Glass houses: An example of Mercedes-Benz's new corporate retail design.

Mercedes-Benz dealer network to spend $180 million on fresher facilities by 2010

Mercedes-Benz logo20 May 2008

By PHILIP LORD

MERCEDES-BENZ Australia/Pacific has announced that its dealer network will invest $180 million in 2008 and 2009 in a ground-up rebuilding of its retail outlets to a new Mercedes-Benz specification corporate design.

Of its 55 Australian dealers, the centrepiece of the planned renewed network is the new Mercedes-Benz of Sydney, which will be built on the site of a Schweppes bottle factory at 43-47 O’Riordan Street, Alexandria.

Building work on the $40 million-plus project is scheduled to commence in January 2009 and the site opened for business in early 2010.

The 17,000 square-metre site will incorporate a 1800 square metre two-level new-car showroom, a 2600 square-metre pre-owned vehicle area and a workshop with more than 30 work bays.

“All of this will be built in a structure that has been designed with environmental sustainability at its core – rainwater harvesting for the dealership wash bay, energy-efficient light fittings, high-performance glazing to reduce air-conditioning requirements and waste separation facilities installed to minimise the amount of waste going to landfill,” said Mercedes-Benz Australia/Pacific president and CEO Wolfgang D Schrempp.

The dealer design template, called the Autohaus Concept, was set in 2003 by Daimler AG’s own architectural department and many local Mercedes-Benz dealers have already rebuilt to this specification.

 center imageLeft: Mercedes-Benz Australia/Pacific president and CEO Wolfgang D Schrempp.

This uniform design for Mercedes-Benz dealers internationally, which uses a large glass panel wall sections and prominent, simple signage, should be familiar to travellers using Sydney or Melbourne domestic airports, where Mercedes-Benz Airport Express centres are prominent.

Mercedes-Benz acknowledges it has been slow on the uptake to make uniform its dealer network, given the large investment by competitor dealer networks such as Audi and BMW in recent years.

“It’s very obvious, every dealership must fit the product. Probably we did not act in an adequate way (in the past) – that is why we now have to (act),” said Mr Schrempp.

“We now are trying to have a new facility style all over the world. It’s like in a restaurant or a hotel, everything must fit together, the quality of the cars, the quality of the interior design, the quality of the staff.

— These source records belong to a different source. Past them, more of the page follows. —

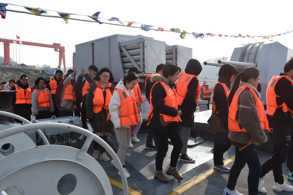 12月6日下午,近百名同學懷著新奇、激動的心情,分二批登上“九江艦”,在講解員的引導下,同學們觀看了艦貌,細看了雷達、火箭炮、艦長室、駕駛艙等,并認真聆聽講解員的講解。
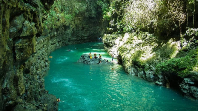 Kawasan ini cepat viral karena visualnya sangat kuat. Dinding batu, aliran air, warna tebing, dan suasana liar yang tetap mudah dijangkau membuatnya terlihat menonjol di foto maupun video pendek. Karakter visual seperti inilah yang biasanya membuat tempat cepat menyebar di media sosial.
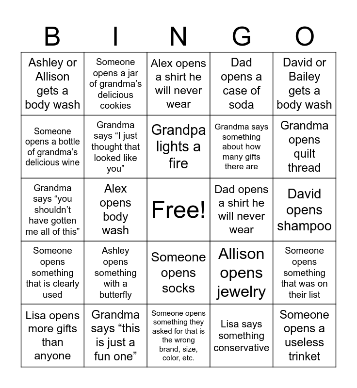 This bingo card has a free space and 24 words: Ashley opens something with a butterfly, Grandma says “this is just a fun one”, Grandpa lights a fire, Lisa opens more gifts than anyone, David or Bailey gets a body wash, Ashley or Allison gets a body wash, Someone opens a bottle of grandma’s delicious wine, Someone opens a jar of grandma’s delicious cookies, Dad opens a shirt he will never wear, Someone opens socks, Grandma says something about how many gifts there are, Grandma says “you shouldn’t have gotten me all of this”, Allison opens jewelry, Someone opens something that was on their list, Grandma says “I just thought that looked like you”, Lisa says something conservative, David opens shampoo, Alex opens a shirt he will never wear, Grandma opens quilt thread, Alex opens body wash, Someone opens a useless trinket, Someone opens something that is clearly used, Dad opens a case of soda and Someone opens something they asked for that is the wrong brand, size, color, etc..
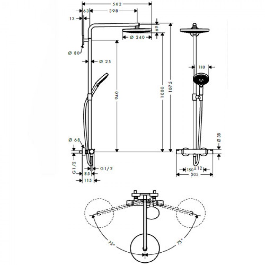 Душевая система Hansgrohe Raindance Select S 240 2 jet Showerpipe хром/белый 27129400

“We have some special needs here in Australia, we have to take care of water, and we have to take care of the environment.

Normally you can do that only when you are refurbishing a dealership totally, and that is why the investment is pretty high, and will be pretty high in the coming years.”

To amortise the cost of the investment, Mr Schrempp said it that it would take the dealers less than 10 years “otherwise we would not have the acceptance of our network”.